## Brief
Your output should consist of the lines from the first line of the records below through the one with "Bordo Çift Pile Detay Kemerli Pantolon 5009", exactly, minus the pictures.

[Collected data]
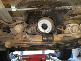Ist eine blöde Stelle über dem Verteiler-Getriebe, aber von unten müsste man mit asiatischen Kinderhänden da eigentlich irgendwie rankommen.
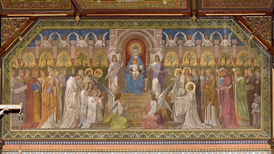 Das den ganzen Raum beherrschende Wandgemälde am Abschluß des Mittelschiffes ist 7m breit und 3,07m hoch. Im Rundbogen eines mächtigen, feierlichen Portalaufbaus, zu dem mehrere Stufen hinaufführen, sitzt auf grün gepolstertem, goldenen Thronsessel die Himmelskönigin Maria in streng frontaler Haltung, blauem Mantel und mit Krone über dem Schleier. Ihr Haupt umglänzt ein großer Strahlenkranz. In der Linken hält sie ein Zepter. Auf ihrem Schoß sitzt das göttliche Kind, die Arme weit ausbreitend, das von einer Aureole umrahmte Köpfchen leicht zur Rechten geneigt. Maria ist von stehenden Engeln flankiert. Der Engel links — vom Beschauer aus gesehen - hat auf seinem Spruchband die Worte: VENITE FILII AUDITE ME; der rechts: TIMOREM DOMINI DOCEBO VOS. Die zwei vor den Thronstufen knienden Engel halten eine Tafel. Darauf steht in goldenen Lettern:
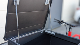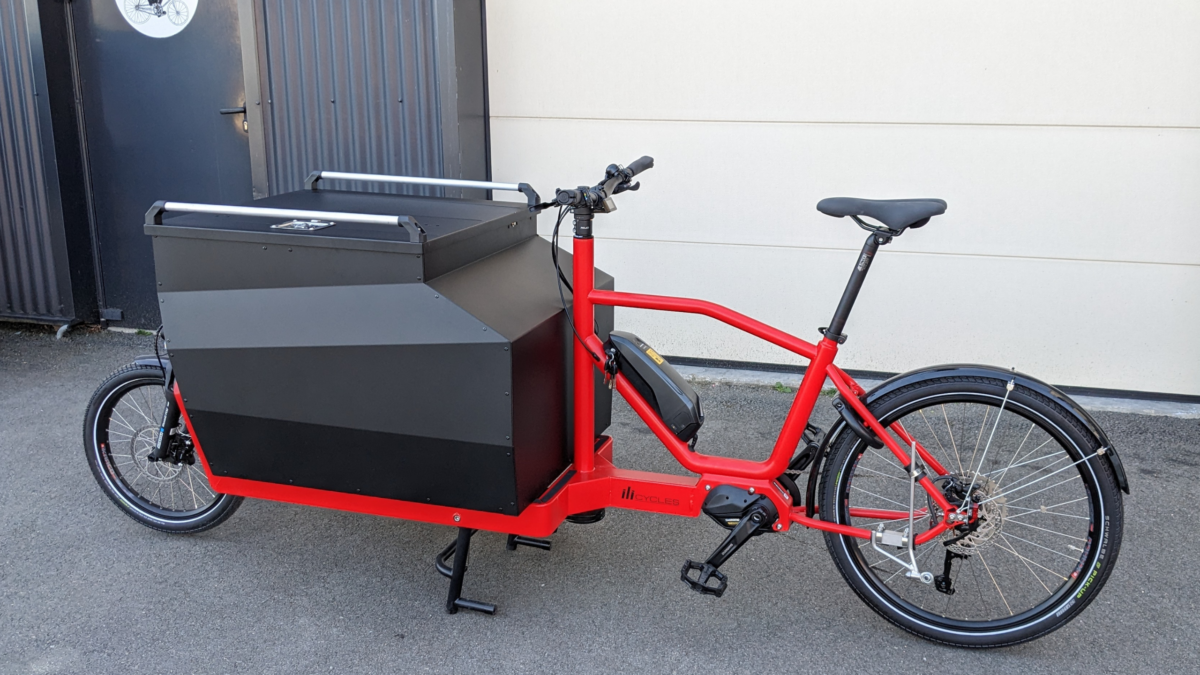 Caisson personnalisable en alu Dibond ou aluminium avec vérins, serrure renforcée et galerie. Caisson présenté ici sur le Bili 800, compatible avec les biporteurs de plateforme de plus de 800 mm de longueur.
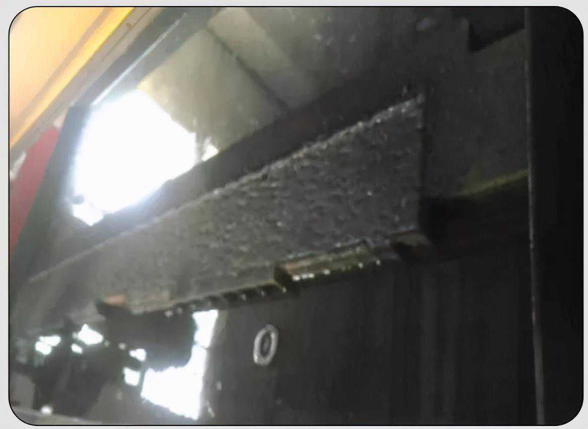 方大特钢针对烧结篦板制作工艺已经摸索三年,取得了很好的成效。此工艺先是水槽内焊,变形得到控制,用机械焊,焊丝直径Φ2.8,一个面焊两遍,数控实现自动焊,洛氏硬度偏差在2度以内无焊接接头,焊接产生的裂纹与单辊运动方向平行延长了使用寿命,最易磨损区采用加焊低碳钢格子加厚堆焊层,否则堆焊层太厚容易脱落,这个部分要实现自动焊,格子必须严格控制尺寸,我们采用数控切割机隔出来后手工焊上去,再用机械手来焊的。
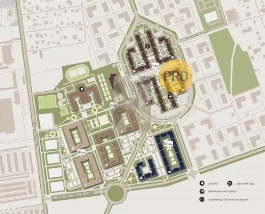 В комплексе предусмотрены: собственные школа и детский сад, парк, медицинский центр, променад с аллеями и ландшафтным дизайном, закрытые благоустроенные дворы с зонами work out, а также кладовые в домах.Расположение
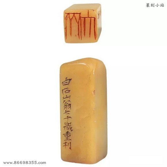 边款:此石乃友人为刻,儿辈背予磨去。今见之收回,刻此五字。癸酉,白石并记。
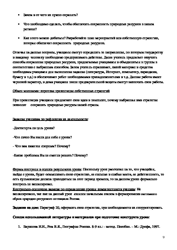 1. Баринова И.И., Ром В.Я., География России. 89 кл.: метод. Пособие. – М.: Дрофа, 1997.
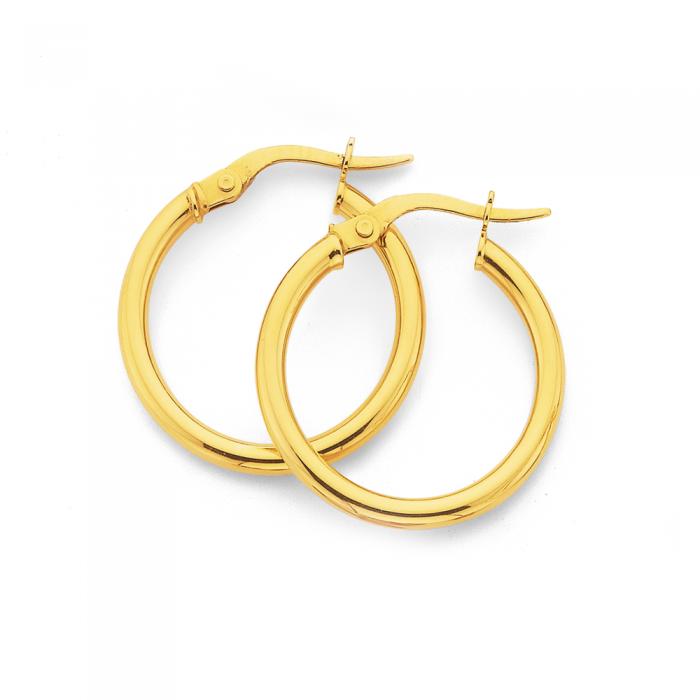 Italian Made 9ct Gold Polished Finish Hoop Earrings - Approximate Dimensions 2mm Width x 15mm Inner Diameter.
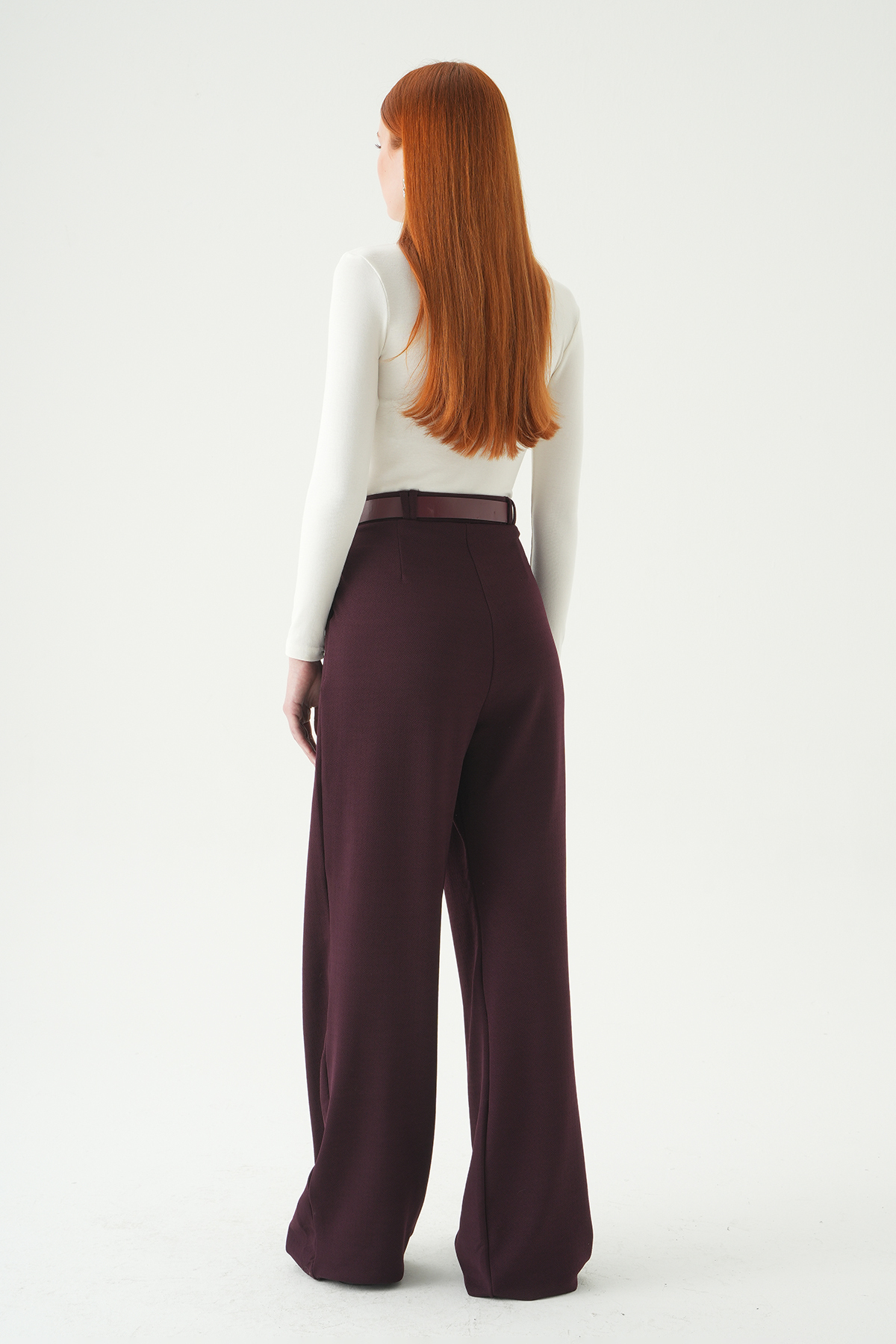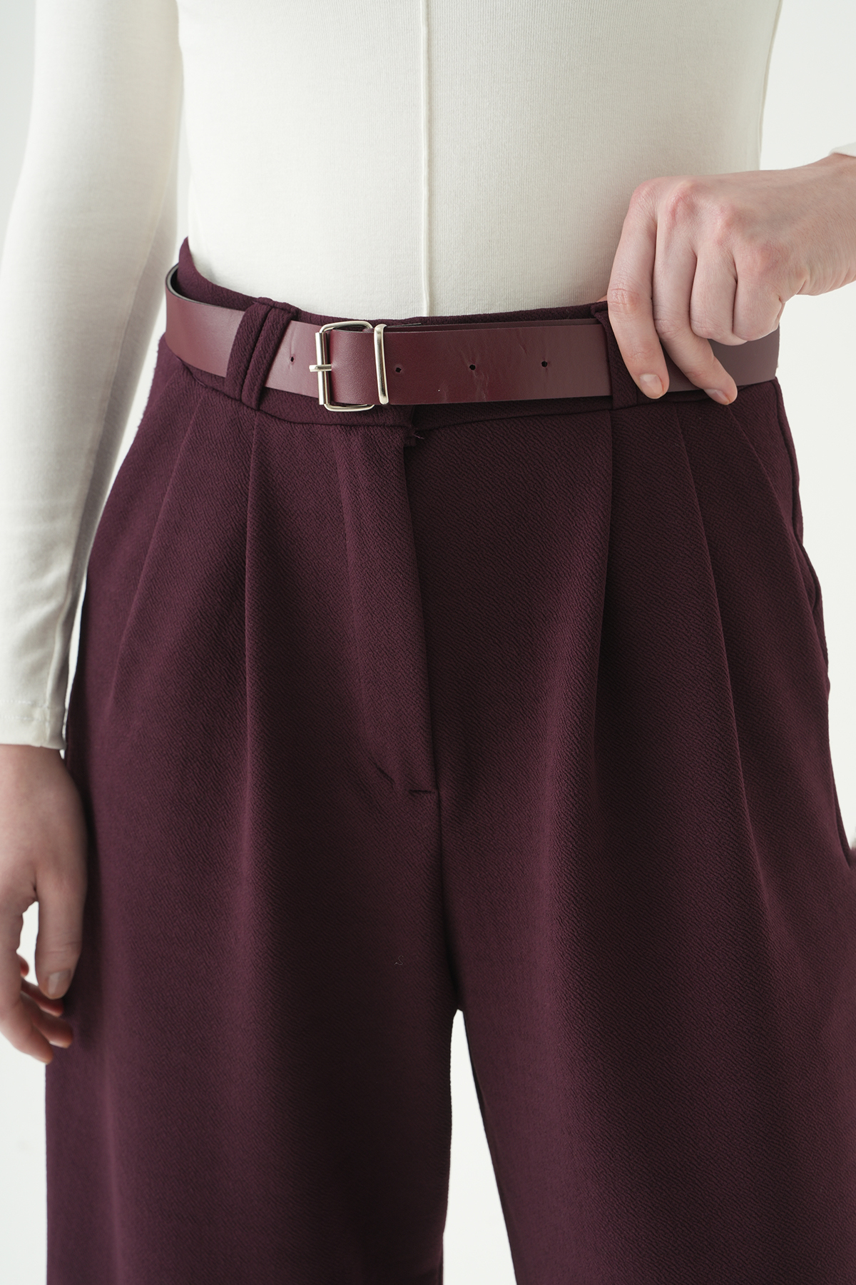 Bordo Çift Pile Detay Kemerli Pantolon 5009
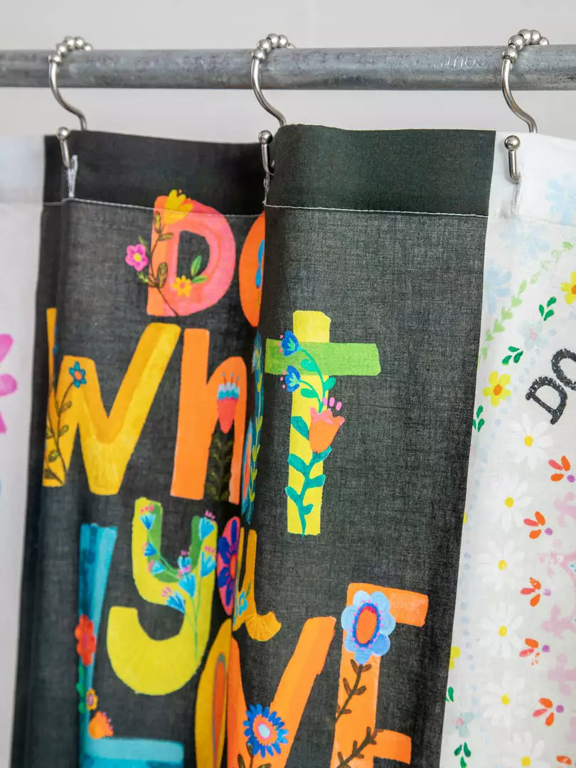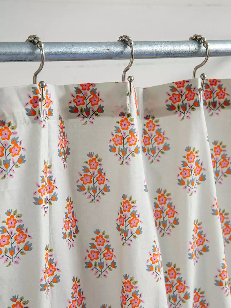 Brighten your bathroom with our boho-inspired Shower Curtains! We LOVE the quality and it comes rolled up and packaged with a ribbon, making it ready to gift to someone you love! It’s super easy to wash and it comes unlined, so we recommend pairing with a liner! Curtains do not come with hooks.
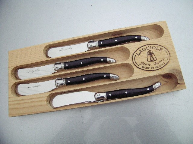 Zestaw czterech Designerskich i Jakościowym nożyków renomowanej Francuskiej firmy LAGUIOLE. Z sygnaturami Laguiole na nożykach i pudełku - Laguiole Jean Dubost Made in France. Ciekawy design, jakość zarówno stali jak i mocnej, twardej masy z której zostały wykonane uchwyty - dodatkowo dla bezpiecznego użytkowania nitowane i ozdobione uroczą muchą. Metalowa końcówka; Ładny,poręczny kształt. W oryginalnym drenianym pudelku - brak tylko foll celofanowanej w jaką były oryginalnie zapakowane. Zabezpieczam - przezroczystą folią streczową.
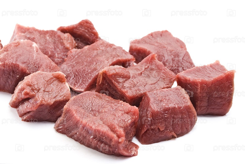 Нарезанные куски сырого мяса
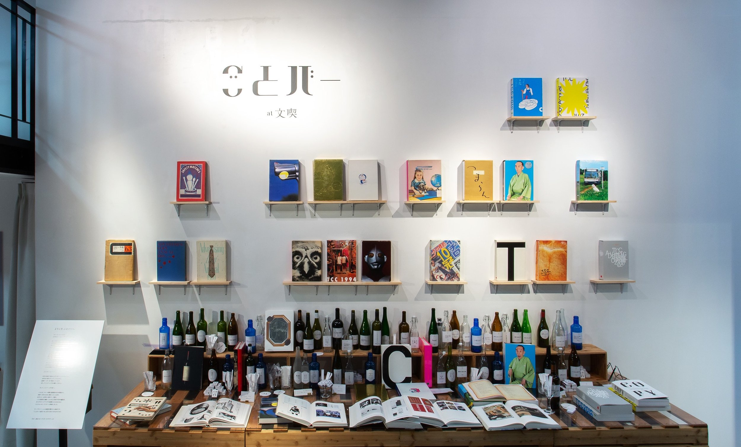 「ことバー」では、1963年の初刊から約60冊におよぶ広告収録本『コピー年鑑』を一堂に展示。実際に手に取ってじっくり読んでいただける貴重な体験を提供するほか、店内はアートディレクター浜辺明弘氏の手によって、様々なコピーに酔える素敵なBAR空間を演出。
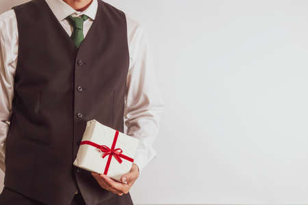 Man in white shirt and black suit vest holding a Christmas gift / present. Copy space for text on white background.
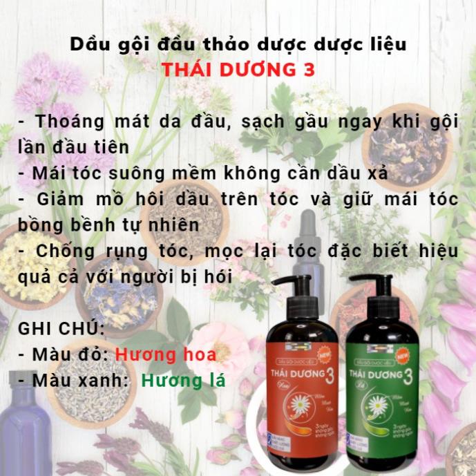 DẦU GỘI DƯỢC LIỆU THÁI DƯƠNG 3 HƯƠNG HOA, LÁ , dưỡng tóc mềm mượt, sạch gàu, hết ngứa, giảm rụng tóc
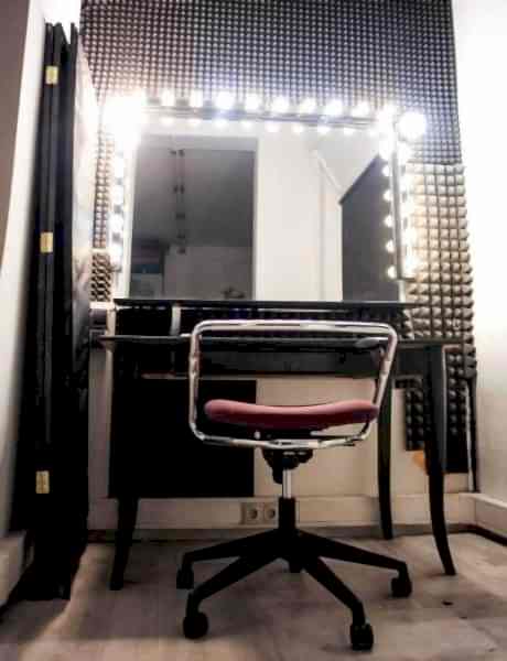 Гримерный уголок расположен непосредственно в зале и оборудован столиком и {keyword} освещением для комфортной работы.

## Solution
Ist eine blöde Stelle über dem Verteiler-Getriebe, aber von unten müsste man mit asiatischen Kinderhänden da eigentlich irgendwie rankommen.
 Das den ganzen Raum beherrschende Wandgemälde am Abschluß des Mittelschiffes ist 7m breit und 3,07m hoch. Im Rundbogen eines mächtigen, feierlichen Portalaufbaus, zu dem mehrere Stufen hinaufführen, sitzt auf grün gepolstertem, goldenen Thronsessel die Himmelskönigin Maria in streng frontaler Haltung, blauem Mantel und mit Krone über dem Schleier. Ihr Haupt umglänzt ein großer Strahlenkranz. In der Linken hält sie ein Zepter. Auf ihrem Schoß sitzt das göttliche Kind, die Arme weit ausbreitend, das von einer Aureole umrahmte Köpfchen leicht zur Rechten geneigt. Maria ist von stehenden Engeln flankiert. Der Engel links — vom Beschauer aus gesehen - hat auf seinem Spruchband die Worte: VENITE FILII AUDITE ME; der rechts: TIMOREM DOMINI DOCEBO VOS. Die zwei vor den Thronstufen knienden Engel halten eine Tafel. Darauf steht in goldenen Lettern:
 Caisson personnalisable en alu Dibond ou aluminium avec vérins, serrure renforcée et galerie. Caisson présenté ici sur le Bili 800, compatible avec les biporteurs de plateforme de plus de 800 mm de longueur.
 方大特钢针对烧结篦板制作工艺已经摸索三年,取得了很好的成效。此工艺先是水槽内焊,变形得到控制,用机械焊,焊丝直径Φ2.8,一个面焊两遍,数控实现自动焊,洛氏硬度偏差在2度以内无焊接接头,焊接产生的裂纹与单辊运动方向平行延长了使用寿命,最易磨损区采用加焊低碳钢格子加厚堆焊层,否则堆焊层太厚容易脱落,这个部分要实现自动焊,格子必须严格控制尺寸,我们采用数控切割机隔出来后手工焊上去,再用机械手来焊的。
 В комплексе предусмотрены: собственные школа и детский сад, парк, медицинский центр, променад с аллеями и ландшафтным дизайном, закрытые благоустроенные дворы с зонами work out, а также кладовые в домах.Расположение
 边款:此石乃友人为刻,儿辈背予磨去。今见之收回,刻此五字。癸酉,白石并记。
 1. Баринова И.И., Ром В.Я., География России. 89 кл.: метод. Пособие. – М.: Дрофа, 1997.
 Italian Made 9ct Gold Polished Finish Hoop Earrings - Approximate Dimensions 2mm Width x 15mm Inner Diameter.
 Bordo Çift Pile Detay Kemerli Pantolon 5009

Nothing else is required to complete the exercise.